In fact, SCR 649 merely noted that last May 17, 2022, the Senate received a “validated report” of suspected smugglers and their protectors but failed to disclose who actually provided the list and who validated it.

It is also worth noting that more than a week before Sotto disclosed the contents of the Senate report, the BOC had just weathered a barrage of negative news reports and opinion pieces accusing agency officials, including Guerrero, of involvement in corrupt activities.

But these news reports and commentaries lacked ample proof, and the demolition job against the BOC soon fizzled out.
The supposed ‘smugglers list’ has thus raised suspicion that the Senate may simply be an unwitting tool used by unseen hands with ulterior motives.

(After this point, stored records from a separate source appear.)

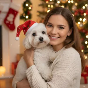 Iedereen stopte om te glimlachen naar mijn hond met deze hoed. Hij past goed, glijdt niet af en voelt echt zacht aan. Maakte onze kerstfoto’s extra bijzonder.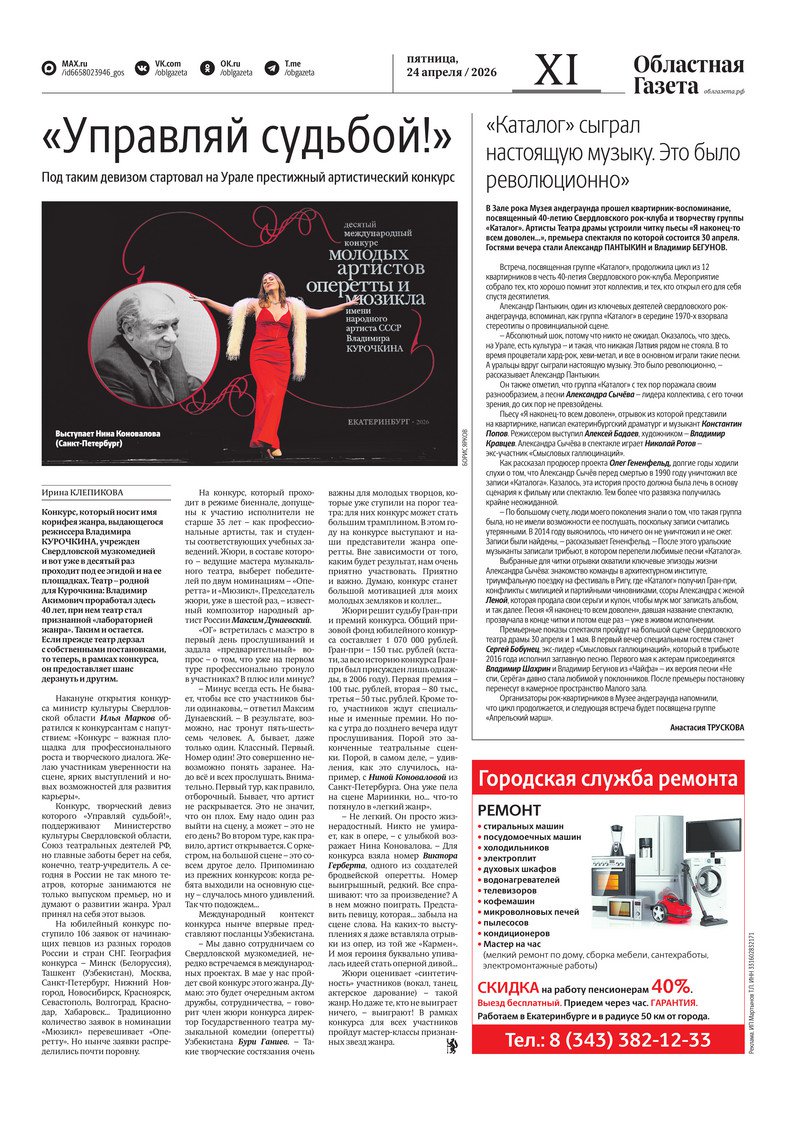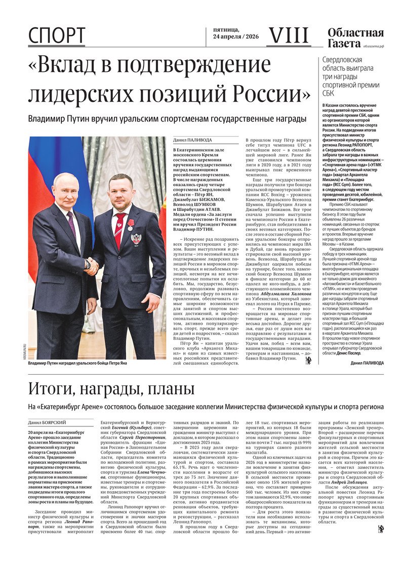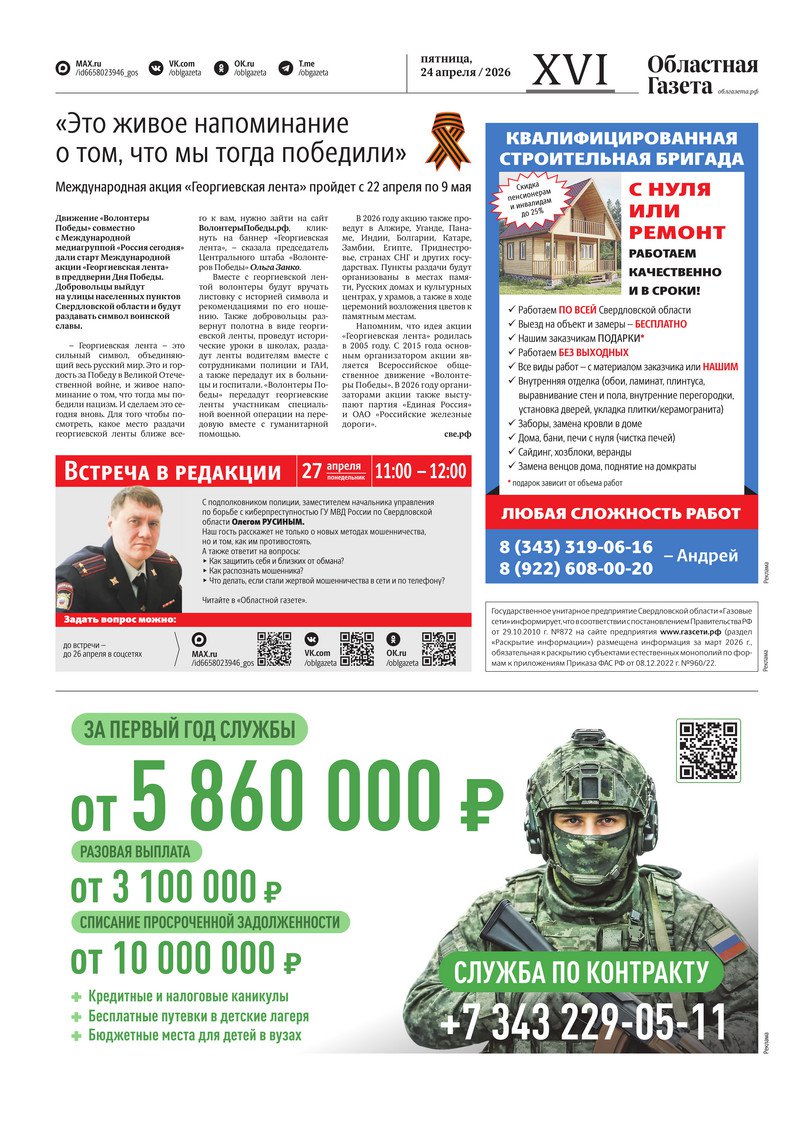 «Областная газета» № 87 (10487) от 24 апреля 2026 года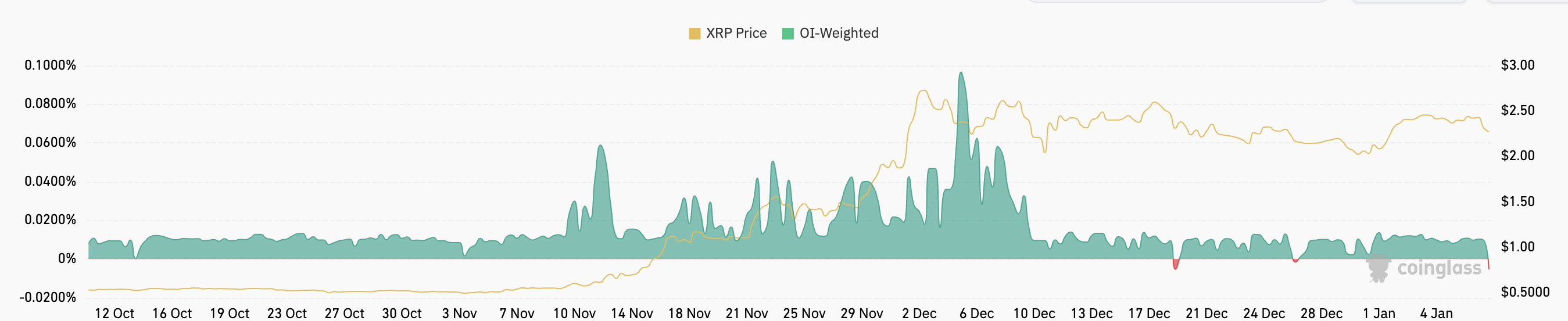 Bu durum, daha önce 18-20 Aralık tarihlerinde yaşanan ve 72.6 milyon dolarlık uzun pozisyon likidasyonu ile %23’lük fiyat düşüşüne yol açan süreci hatırlatıyor. Bunun yanı sıra, XRP’nin fonlama oranlarında da düşüş görülüyor. 7 Ocak’ta haftalık %0.21 olan fonlama oranı, 8 Ocak’ta -%0.11’e geriledi. Bu durum, uzun pozisyonlara yönelik talebin azaldığını ve yatırımcıların daha temkinli hareket ettiğini gösteriyor. Negatif fonlama oranı, piyasanın daha fazla kısa pozisyonla ilgilendiğine işaret ediyor.

It should also be pointed out that when the Senate held its first hearing on December 14, 2021, Guerrero had already challenged the senators and critics of the BOC’s handling of the anti-smuggling drive to “name names” so he can have them investigated and removed if warranted by concrete evidence.

Guerrero says that he has not received any “validated report” on who among his subordinates are involved in smuggling activities.

Both President Duterte and Finance Secretary Carlos Dominguez, up to their remaining days in office, apparently had not received any documented complaint against Guerrero for participation in wrongdoing in the agency.

Since he believes that his name has been tainted by unjust and unfair allegations, Guerrero is taking the right step in challenging Sotto and others to haul him and his subordinates before a court of law where they can have the chance to face their accusers and defend themselves.

At a time when fake news, disinformation and misinformation abound in both mainstream and social media and manage to drown out the facts and the truth, public officials like Guerrero pilloried in public for supposed monkey business while in office can and should demand that allegations of wrongdoing should be supported by incontrovertible evidence.

Otherwise, the purveyors of plain rumors, half-truths and outright falsehoods will simply rule the roost, reduce our justice system to irrelevance and even bring it down to its knees.